_Dataset excerpts_
────

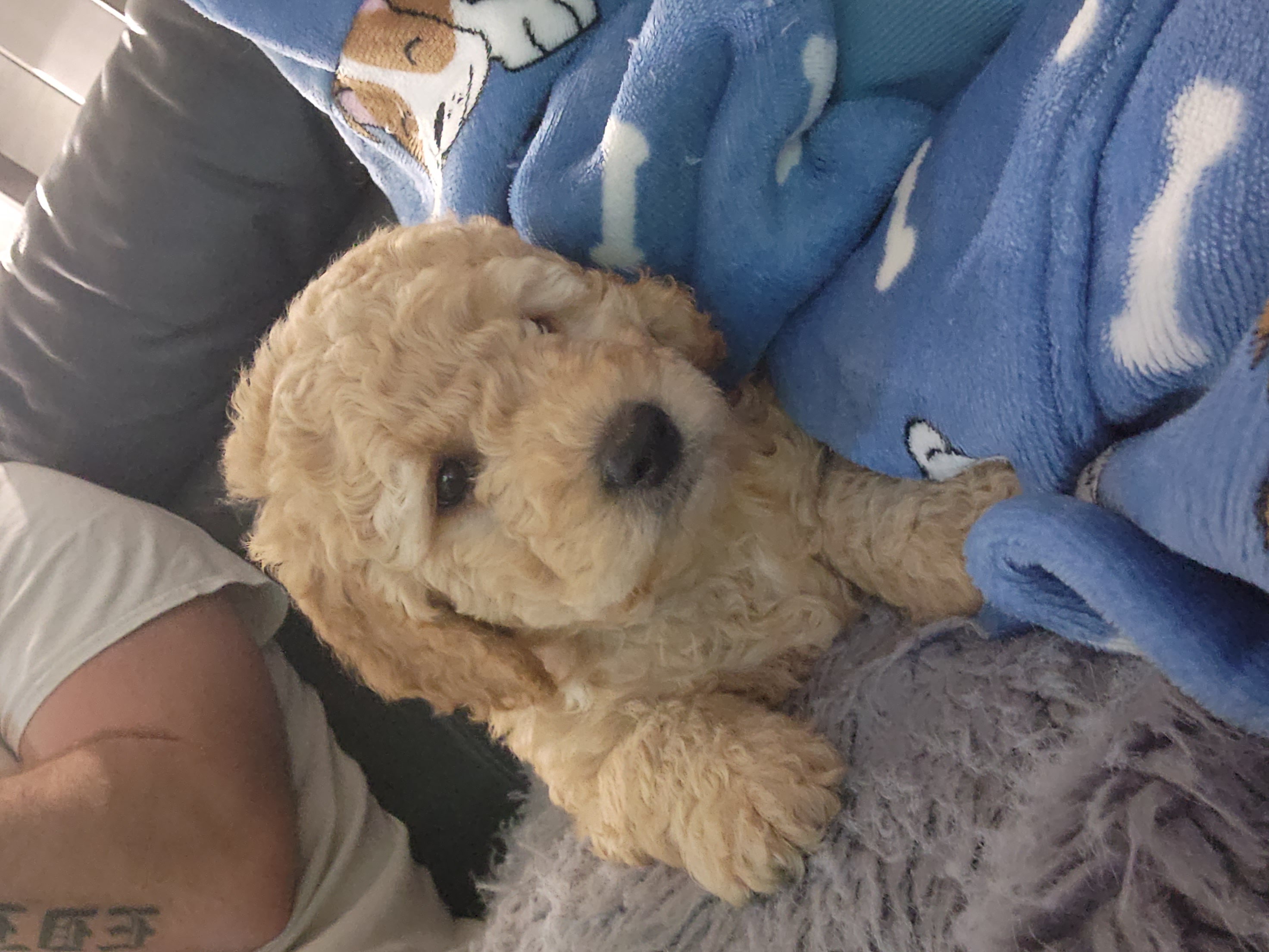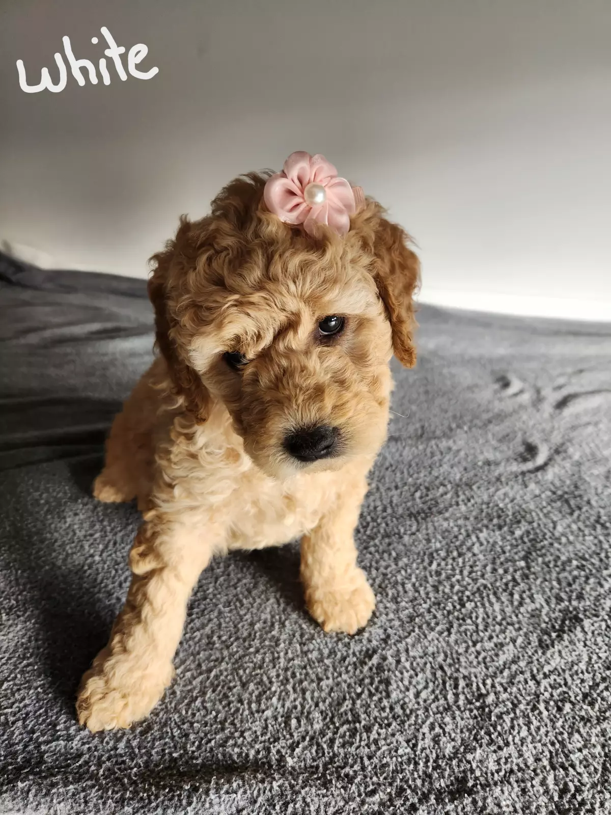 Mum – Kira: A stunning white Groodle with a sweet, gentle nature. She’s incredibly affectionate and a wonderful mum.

────

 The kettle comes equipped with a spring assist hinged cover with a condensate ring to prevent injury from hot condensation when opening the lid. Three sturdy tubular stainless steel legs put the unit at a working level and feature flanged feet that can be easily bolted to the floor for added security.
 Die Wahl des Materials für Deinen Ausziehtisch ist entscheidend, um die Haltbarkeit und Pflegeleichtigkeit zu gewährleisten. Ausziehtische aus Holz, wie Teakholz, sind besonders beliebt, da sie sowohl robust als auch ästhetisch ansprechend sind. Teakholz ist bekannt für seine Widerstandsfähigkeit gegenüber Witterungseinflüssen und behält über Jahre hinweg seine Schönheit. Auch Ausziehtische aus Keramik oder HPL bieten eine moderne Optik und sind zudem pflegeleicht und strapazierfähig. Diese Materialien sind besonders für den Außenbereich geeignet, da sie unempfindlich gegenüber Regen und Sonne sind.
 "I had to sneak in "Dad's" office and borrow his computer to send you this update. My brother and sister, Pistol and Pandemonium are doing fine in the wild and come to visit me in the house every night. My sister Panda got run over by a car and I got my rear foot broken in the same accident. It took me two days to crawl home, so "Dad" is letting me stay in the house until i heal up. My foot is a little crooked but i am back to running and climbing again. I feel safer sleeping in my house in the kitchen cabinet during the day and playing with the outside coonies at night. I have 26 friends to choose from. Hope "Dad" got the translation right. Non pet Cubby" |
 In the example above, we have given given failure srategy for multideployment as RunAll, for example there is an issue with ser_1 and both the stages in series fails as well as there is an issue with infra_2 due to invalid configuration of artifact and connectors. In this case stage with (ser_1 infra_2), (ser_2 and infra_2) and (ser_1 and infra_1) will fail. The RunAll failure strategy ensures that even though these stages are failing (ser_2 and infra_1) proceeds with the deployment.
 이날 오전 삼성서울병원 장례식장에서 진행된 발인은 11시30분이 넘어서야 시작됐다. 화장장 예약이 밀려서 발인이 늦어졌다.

────

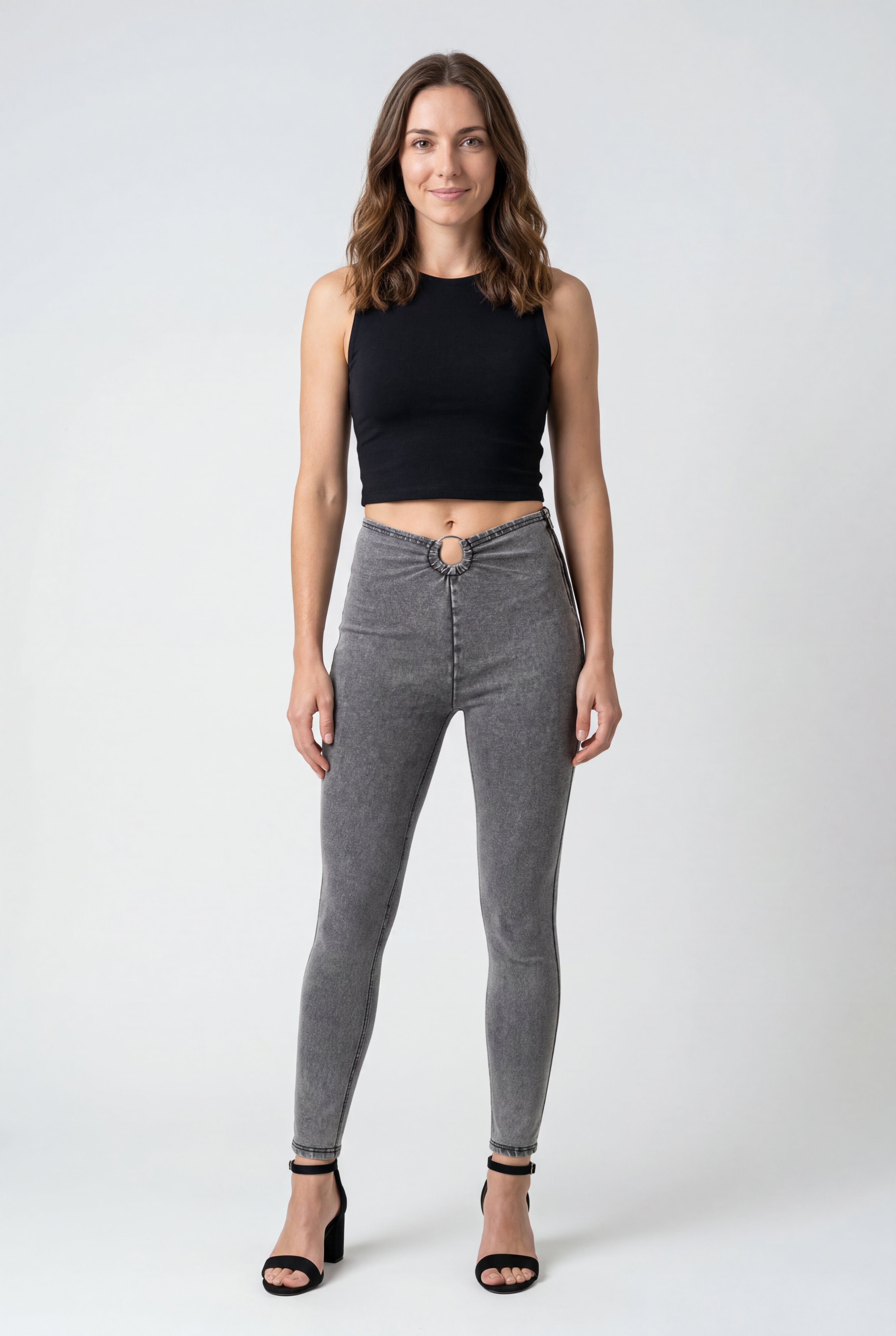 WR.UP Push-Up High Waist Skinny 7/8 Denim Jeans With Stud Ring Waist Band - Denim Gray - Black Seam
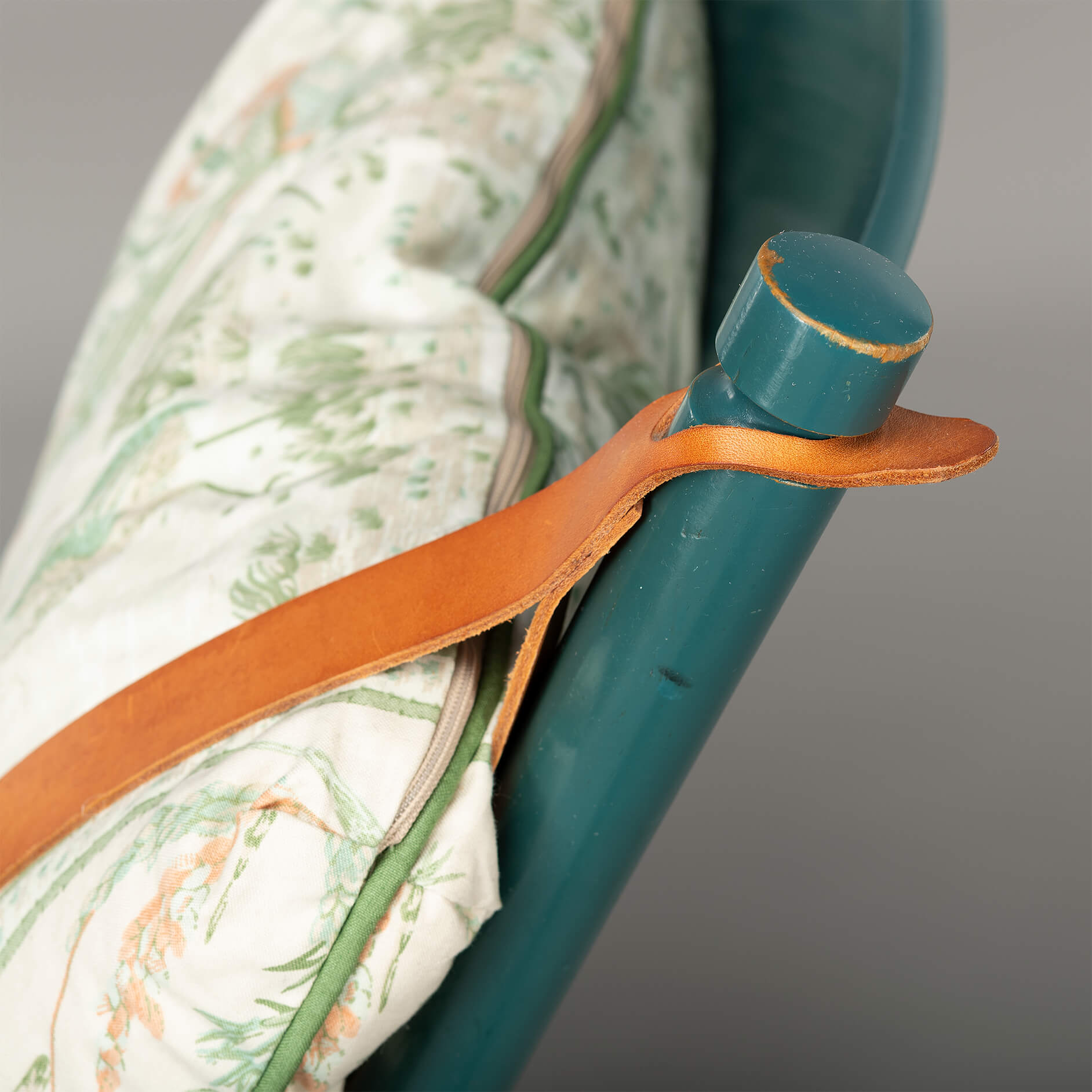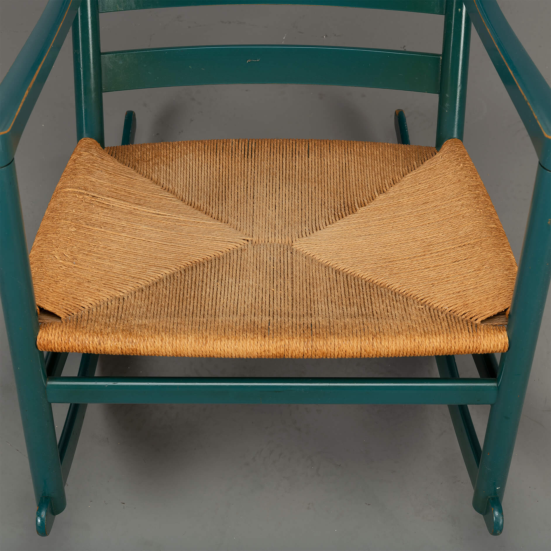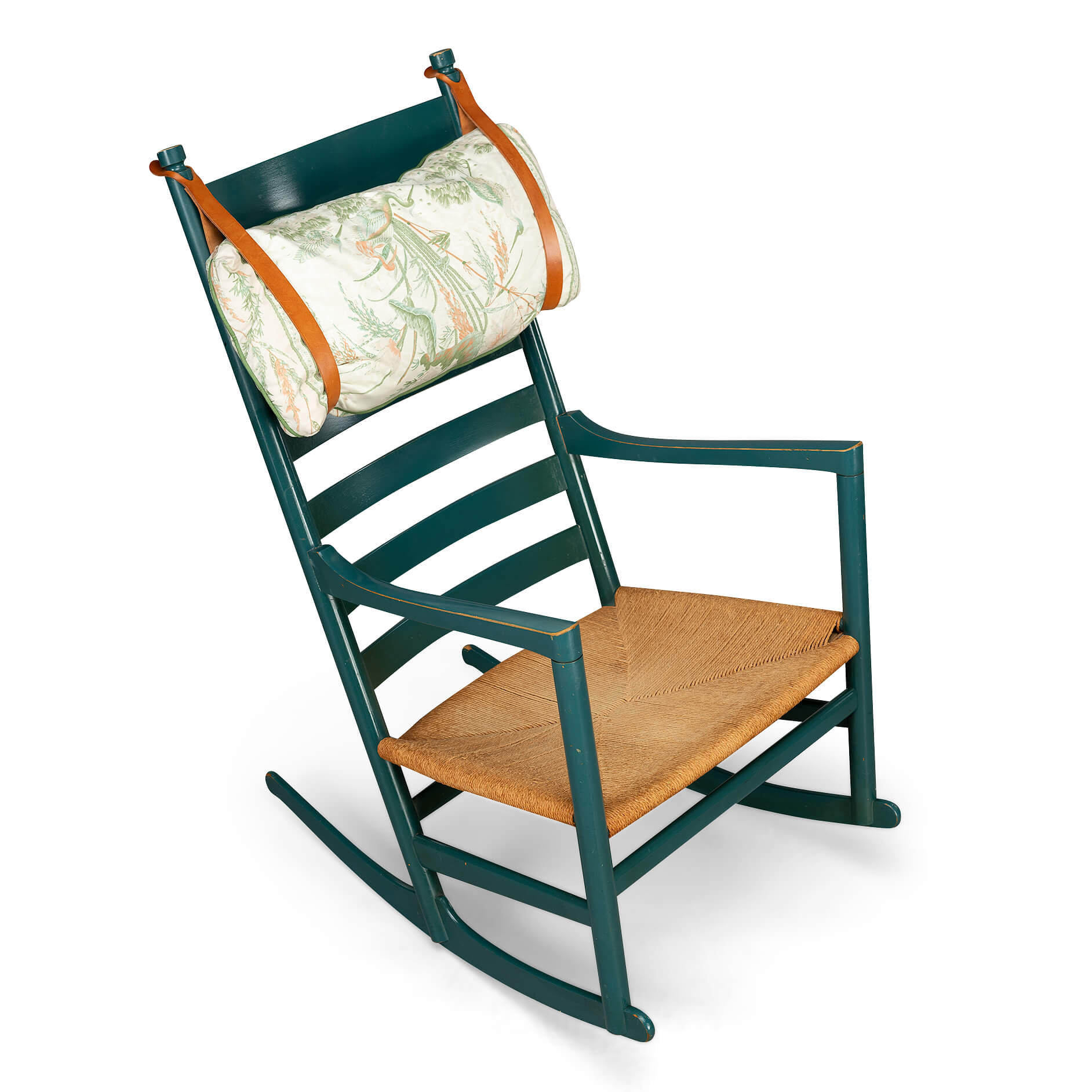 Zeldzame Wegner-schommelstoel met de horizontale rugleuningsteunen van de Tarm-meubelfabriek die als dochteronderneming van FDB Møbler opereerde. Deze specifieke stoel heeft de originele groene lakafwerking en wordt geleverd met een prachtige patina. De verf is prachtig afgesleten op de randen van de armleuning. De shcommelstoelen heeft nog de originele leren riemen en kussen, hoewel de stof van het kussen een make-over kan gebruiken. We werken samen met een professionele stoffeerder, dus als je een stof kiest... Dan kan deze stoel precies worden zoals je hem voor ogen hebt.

────

_Required work_
Output exactly the lines of the material above from the one containing "The kettle comes" up to and including the one containing "In the example".

_Worked solution_
 The kettle comes equipped with a spring assist hinged cover with a condensate ring to prevent injury from hot condensation when opening the lid. Three sturdy tubular stainless steel legs put the unit at a working level and feature flanged feet that can be easily bolted to the floor for added security.
 Die Wahl des Materials für Deinen Ausziehtisch ist entscheidend, um die Haltbarkeit und Pflegeleichtigkeit zu gewährleisten. Ausziehtische aus Holz, wie Teakholz, sind besonders beliebt, da sie sowohl robust als auch ästhetisch ansprechend sind. Teakholz ist bekannt für seine Widerstandsfähigkeit gegenüber Witterungseinflüssen und behält über Jahre hinweg seine Schönheit. Auch Ausziehtische aus Keramik oder HPL bieten eine moderne Optik und sind zudem pflegeleicht und strapazierfähig. Diese Materialien sind besonders für den Außenbereich geeignet, da sie unempfindlich gegenüber Regen und Sonne sind.
 "I had to sneak in "Dad's" office and borrow his computer to send you this update. My brother and sister, Pistol and Pandemonium are doing fine in the wild and come to visit me in the house every night. My sister Panda got run over by a car and I got my rear foot broken in the same accident. It took me two days to crawl home, so "Dad" is letting me stay in the house until i heal up. My foot is a little crooked but i am back to running and climbing again. I feel safer sleeping in my house in the kitchen cabinet during the day and playing with the outside coonies at night. I have 26 friends to choose from. Hope "Dad" got the translation right. Non pet Cubby" |
 In the example above, we have given given failure srategy for multideployment as RunAll, for example there is an issue with ser_1 and both the stages in series fails as well as there is an issue with infra_2 due to invalid configuration of artifact and connectors. In this case stage with (ser_1 infra_2), (ser_2 and infra_2) and (ser_1 and infra_1) will fail. The RunAll failure strategy ensures that even though these stages are failing (ser_2 and infra_1) proceeds with the deployment.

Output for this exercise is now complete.